AI Runbook is a documented set of standardised procedures for operating, monitoring, troubleshooting, and maintaining AI systems in production. It serves as the operational manual that enables teams to manage AI systems consistently, respond to incidents effectively, and maintain system health without depending on the specialised knowledge of any single individual.

What is an AI Runbook?

An AI Runbook is the operational playbook for your AI systems. It documents the step-by-step procedures that anyone responsible for operating, monitoring, or troubleshooting an AI system needs to follow. Think of it as the equivalent of an operations manual for a physical plant: it tells operators what to check, when to check it, what normal looks like, what abnormal looks like, and exactly what to do when something goes wrong.

The concept of runbooks comes from IT operations, where they have long been used to standardise system management. AI Runbooks adapt this concept for the unique characteristics of AI systems, including model-specific monitoring requirements, data quality dependencies, retraining procedures, and the particular ways AI systems can fail.
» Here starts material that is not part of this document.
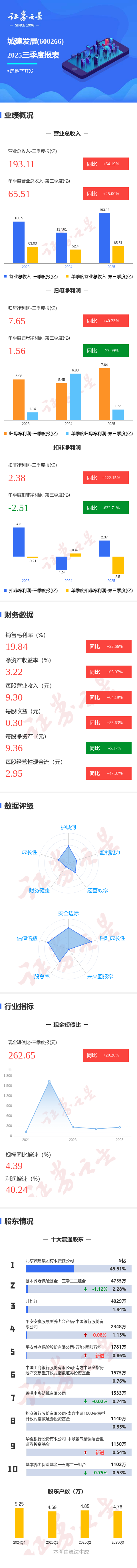 证券之星消息,城建发展2025年三季报显示,前三季度公司主营收入193.11亿元,同比上升64.2%;归母净利润7.65亿元,同比上升40.24%;扣非净利润2.38亿元,同比上升222.16%;其中2025年第三季度,公司单季度主营收入65.51亿元,同比上升25.01%;单季度归母净利润1.56亿元,同比下降77.09%;单季度扣非净利润-2.51亿元,同比下降632.72%;负债率76.88%,投资收益4.23亿元,财务费用3.07亿元,毛利率19.84%。
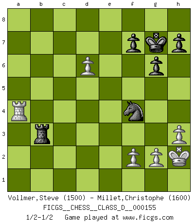 Last move : 1/2-1/2 2010 August 14 21:16:31 [Event "FICGS__CHESS__CLASS_D__000155"] [Site "FICGS"] [Date "2010.08.09"] [Round "1"] [White "Vollmer,Steve"] [Black "Millet,Christophe"] [Result "1/2-1/2"] [WhiteElo "1500"] [BlackElo "1600"] 1.d4 d5 2.c4 dxc4 3.e4 b5 4.a4 c6 5.axb5 cxb5 6.b3 cxb3 7.Bxb5+ Bd7 8.Qxb3 Nc6 9.Nf3 g6 10.d5 Nb8 11.Bb2 Nf6 12.Nbd2 a6 13.Bxd7+ Qxd7 14.O-O Bg7 15.Ra5 O-O 16.Rc1 Qd8 17.Rac5 Nbd7 18.Rc7 Ng4 19.Bxg7 Kxg7 20.h3 Ngf6 21.Rb7 Qa5 22.Qc3 Qxc3 23.Rxc3 a5 24.Rb5 a4 25.Ra3 Rfc8 26.e5 Ne8 27.Rb4 Rc1+ 28.Kh2 Nc5 29.Nd4 Nc7 30.d6 exd6 31.exd6 Nd5 32.Rb5 Nf4 33.N2b3 Nxb3 34.Nxb3 Rc3 35.Rb4 Rd3 36.R3xa4 Rxa4 37.Rxa4 Rxb3 1/2-1/2 QGA : 3.e4 Kingside Castling by player White (move 14) Kingside Castling by player Black (move 15) This chess game ended in a draw. Follow this game move after move (download)Examine moves that smite! A good eye for smites is far more important than a knowledge of strategical principles. (Purdy) Ich moechte nie einem Club beitreten, der Leute wie mich als Mitglieder aufnimmt. (Woody Allen) Sin errores no puede haber brillantez. (Emanuel Lasker) Pour se monter efficace, un Cavalier a besoin d'avant-postes ! Les Cavaliers font les meilleurs bloqueurs de pions passés. It's unlucky to be superstitious. (Dave Enteles)

Why AI Runbooks Are Essential

Reducing Key-Person Dependency

In many organisations, AI system knowledge lives in the heads of one or two people, often the data scientist who built the model. When that person is unavailable, on holiday, ill, or has left the company, the organisation is left unable to manage or troubleshoot its own AI systems. A runbook captures this knowledge in a form that any qualified team member can follow.

Ensuring Consistent Operations

Without documented procedures, different team members handle the same situations differently. One person might restart an AI service when it shows high latency, while another might investigate the root cause first. A runbook ensures consistent, proven responses regardless of who is on duty.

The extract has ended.